2014-12-10 12:12:22,060 ERROR org.apache.hadoop.hdfs.server.datanode.DataNode: DatanodeRegistration(127.0.0.1:50010, storageID=DS-957555695-10.0.1.9-50010-1418164764736, infoPort=50075, ipcPort=50020):DataXceiver
java.io.EOFException: while trying to read 65557 bytes
  at org.apache.hadoop.hdfs.server.datanode.BlockReceiver.readToBuf(BlockReceiver.java:296)
  at org.apache.hadoop.hdfs.server.datanode.BlockReceiver.readNextPacket(BlockReceiver.java:340)
  at org.apache.hadoop.hdfs.server.datanode.BlockReceiver.receivePacket(BlockReceiver.java:404)
  at org.apache.hadoop.hdfs.server.datanode.BlockReceiver.receiveBlock(BlockReceiver.java:582)
  at org.apache.hadoop.hdfs.server.datanode.DataXceiver.writeBlock(DataXceiver.java:404)
  at org.apache.hadoop.hdfs.server.datanode.DataXceiver.run(DataXceiver.java:112)
  at java.lang.Thread.run(Thread.java:695)

I am able to read and write files to DFS directly.

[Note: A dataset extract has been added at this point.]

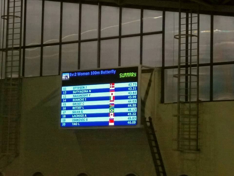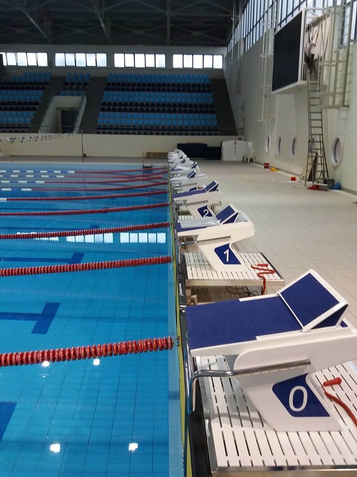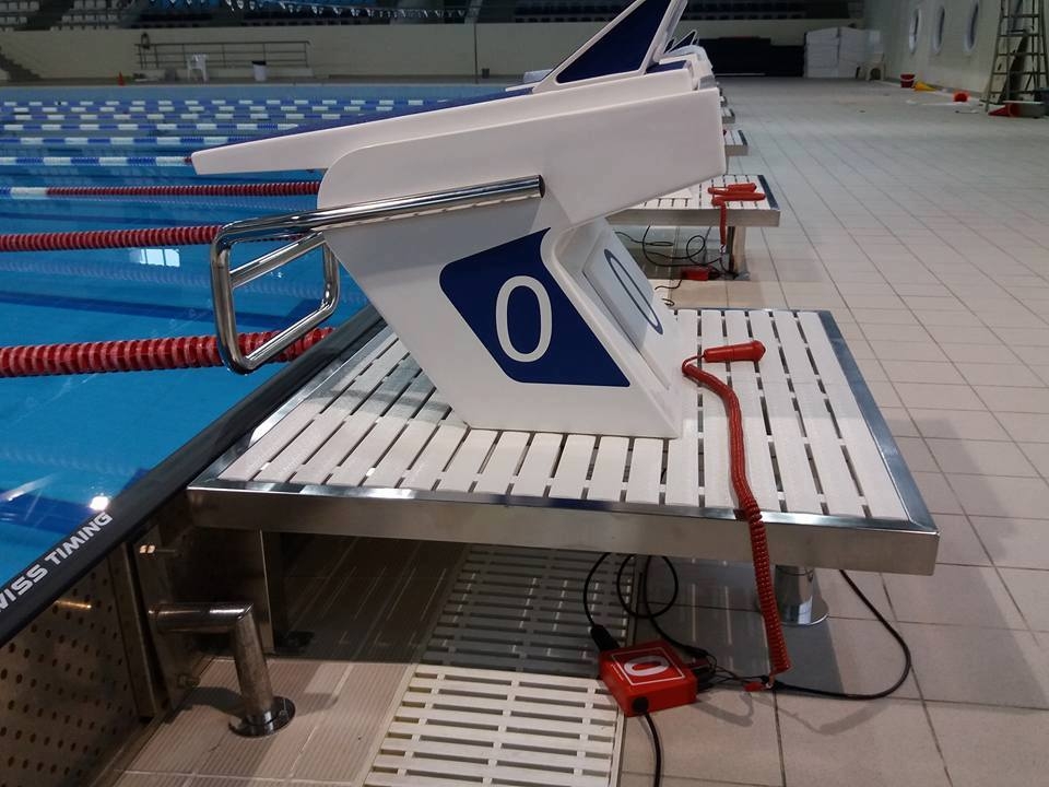 • νέους ηλεκτρονικούς βατήρες εκκίνησης και στα δύο σημεία τερματισμού της κολυμβητικής δεξαμενής που διαθέτουν ειδικό ηλεκτρονικό σύστημα ελέγχου εσφαλμένης εκκίνησης. Σε αυτό έχει προσαρμοστεί το ειδικό σύστημα εκκίνησης υπτίου

I can even run this job on a small subset of the data, but I can't get this Map/Reduce job to work correctly. Any idea what I'm doing wrong?

Notes about my setup:

  • Everything is running locally
  • Apache Mahout version 0.9
  • Hadoop version 1.2.1
  • Java version 1.6.0_65

hdfs-site.xml settings:

  • dfs.replication = 4
  • dfs.permissions = false
  • dfs.name.dir = /Users/juliuss/Dev/hdfs/name/
  • dfs.data.dir = /Users/juliuss/Dev/hdfs/data/
  • mapred.child.java.opts = -Xmx4096m
  • dfs.datanode.socket.write.timeout = 0

Solution

  • After messing with a million settings, none of which worked, I finally resolved this issue by dramatically reducing the split size:

    -Dmapred.max.split.size=16777216
    

    This increased the number of mappers from 10 to 40 for this dataset, which allowed them to complete correctly. Now that I've isolated the issue, I'm going to steadily increase the split size to find the right number. (For Random Forests you should find the largest split possible to get the best results.)

    Unfortunately, I don't know why the split size was causing the "All datanodes are bad. Aborting" error, as it's not the error I would expect.